Yangını çıkarmaya tek bir kıvılcımın yeterliliğinin farkındayız.

Öncelikli hedefimiz gençlerimizin şahsi değerlerinin farkına varmalarını sağlayarak; kişisel sorumluluk bilincini uyandırmaktır. Dahası; bilişim çağında yaşadığımız şu dönemde; kişilerarası etkin iletişimi güçlendirerek, ailevi-toplumsal birlik beraberliğimizi yeniden tesis etmek, maneviyattan uzaklaşan yaşantılarımızı gözden geçirip kısacık dünya hayatımızı soyut değerlere yönlendirmek, okumak, okutmak, okuduklarımızı paylaşmak, doğru bildiğimiz yanlışlardan sıyrılarak tarihimizi yerinde doğru kaynaklardan araştırıp öğrenmek, vatana bekçi, millete hizmetkar bireylere dönüşmektir.

Allah Hicr Suresi 29. Ayette “O na ruhumdan üflediğim zaman” buyurmaktadır.

Dil, din, coğrafya, ırk, mezhep gözetmeksizin her birey özeldir, özel yaratılmıştır.

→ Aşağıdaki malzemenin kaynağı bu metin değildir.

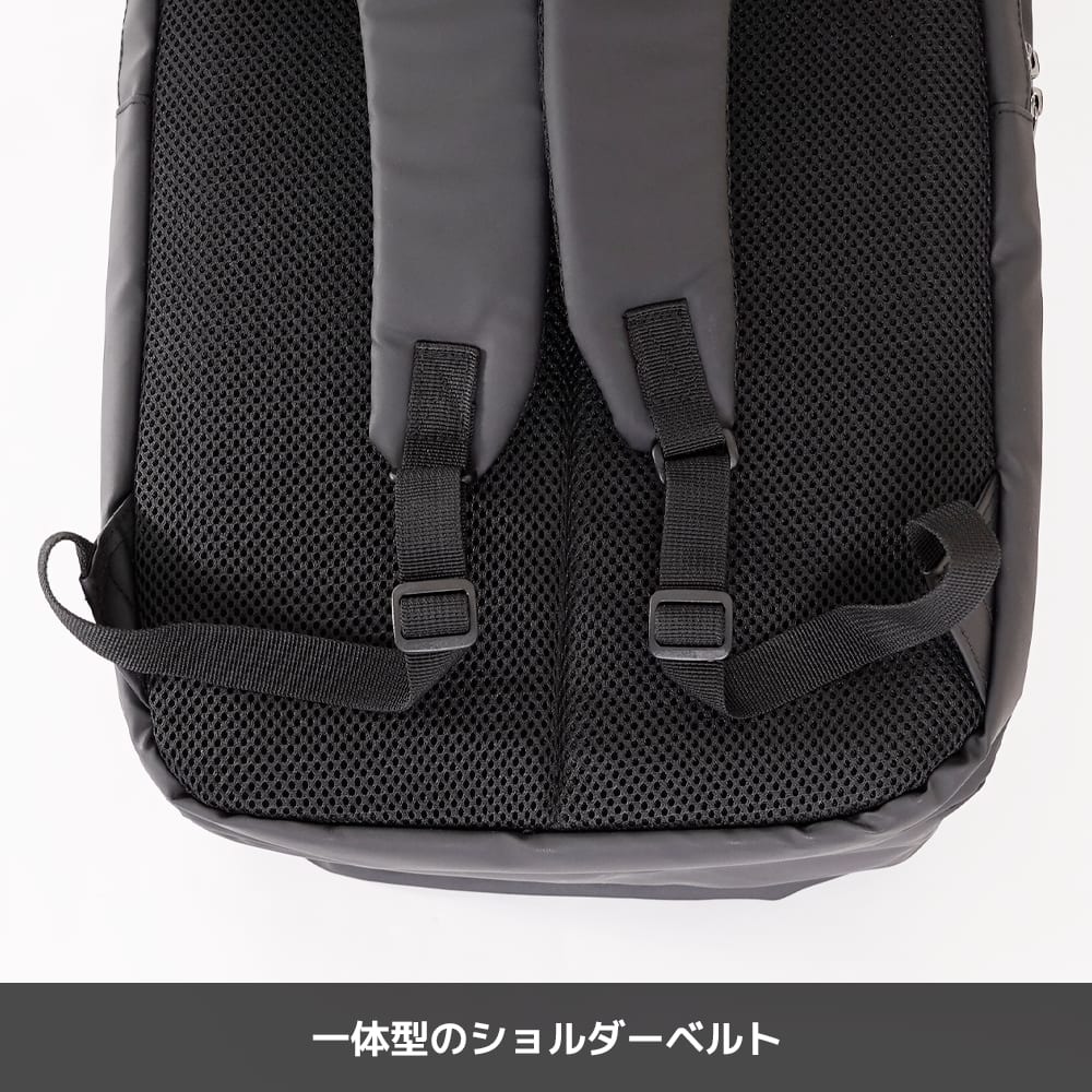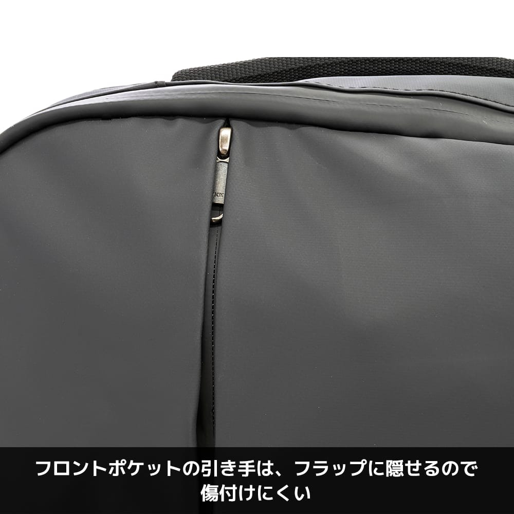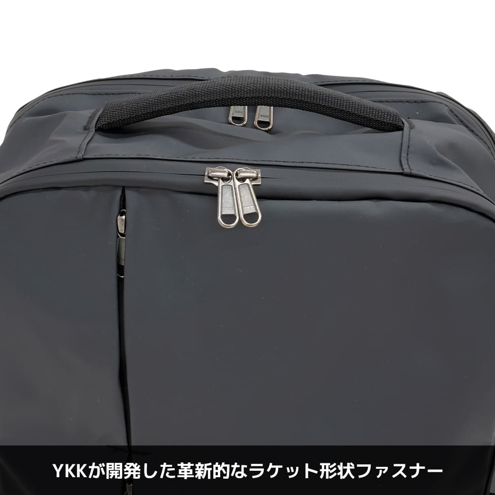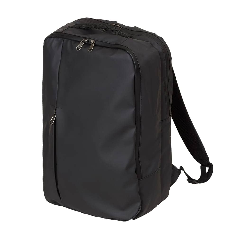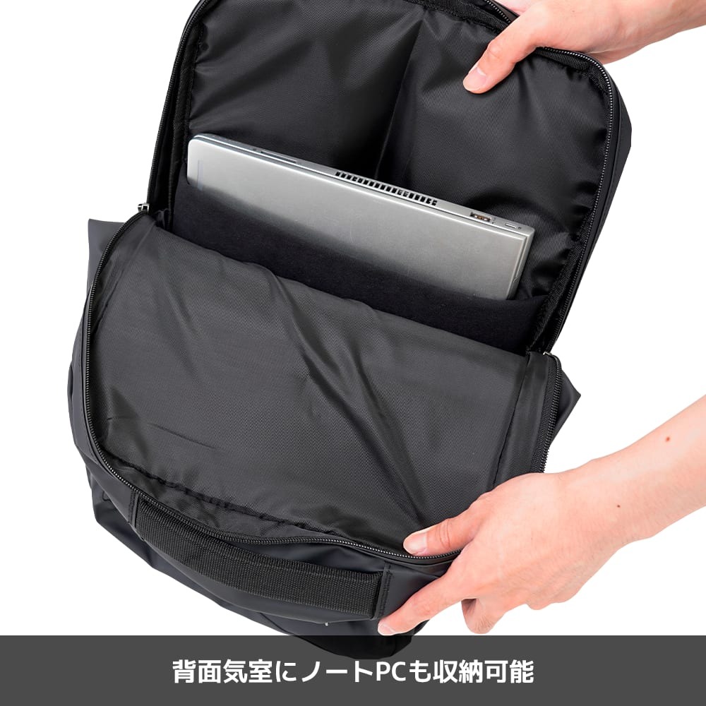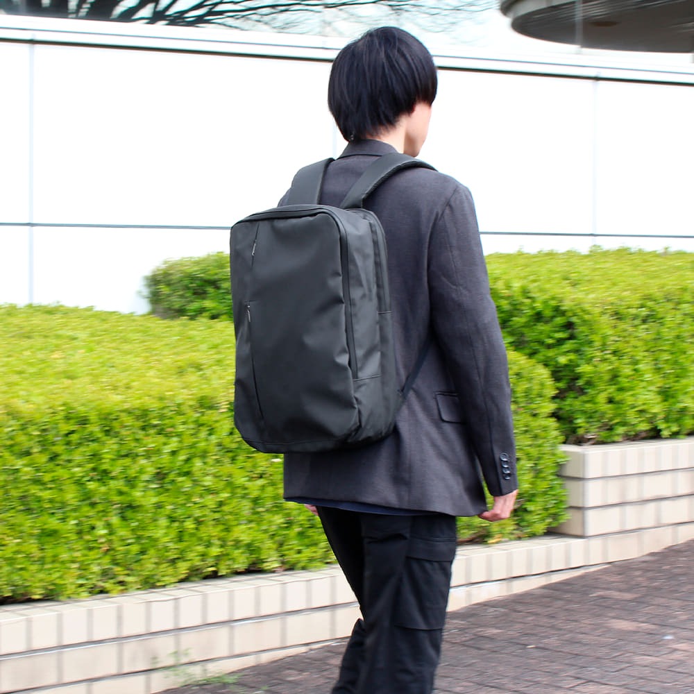 内部は2気室構造で、背面側にはPCスリーブ、前側にはファスナーポケットなどを配置し、フロントポケット2つとあわせて小物を整理しやすいレイアウトになっています。ファスナーの引き手をフラップ内に隠せる仕様は、壁や周囲の物を傷つけにくく見た目もすっきり。シンプルでプレーンなルックスはスーツにもカジュアルにも合わせやすく、性別や年代を問わず「毎日使える黒リュック」の本命候補と言えるでしょう。

Kişi kendisine verilen bu değerin farkında olmalı yaşantısını bu değere göre dizayn etmelidir. Özel yaratılan insanın elbette başıboş bırakılması beklenemez; kendisine ve çevresine karşı sorumlulukları vardır ve kişinin en büyük düşmanı zamandır. BİZ BUNUN FARKINDAYIZ.

Yaşadığımız yerküre tamamen gerçek ve somuttur.

Sanal ortamlarda kendi yapay dünyasını oluşturan insanoğlu; etkin iletişimi bir kenara atmış, çevresiyle bağını sınırlandırmıştır. Özellikle kişinin aile içi iletişimi yok diyebileceğimiz kadar sınırlı, durağan ve sıradandır. Çünkü kişi eşinden, çocuğundan… Çaldığı vakti kendi kurduğu sanal dünyasında yapay duygularla ve gerçek zamanda yaşamaktadır. Zaman gerçek olunca zaman bilincini yitirmek ve gerçek dünyaya karşı duyarsızlaşmak elbette kaçınılmazdır. VE AİLE TOPLUMUN ÇEKİRDEĞİ, BİREYLERİN İLK OKULUDUR. BİZ BUNUN FARKINDAYIZ.

Zaman bilincini yitiren bireyin maneviyatının da sığlaşması elbette beklenen bir durumdur.

Toplumsal olaylara bakışın vicdani boyutta olması gerekirken sıradanlaşması bizler için üzüntü kaynağıdır. Toplumsal duyarlılığımızı kazanmalı, yer üstündeki sınırlı zamanımızı faydalı ilimle ve samimi eylemlerle geçirmeliyiz. Samimiyetimizi bireyden topluma geçirmeliyiz. BİZ BUNUN FARKINDAYIZ.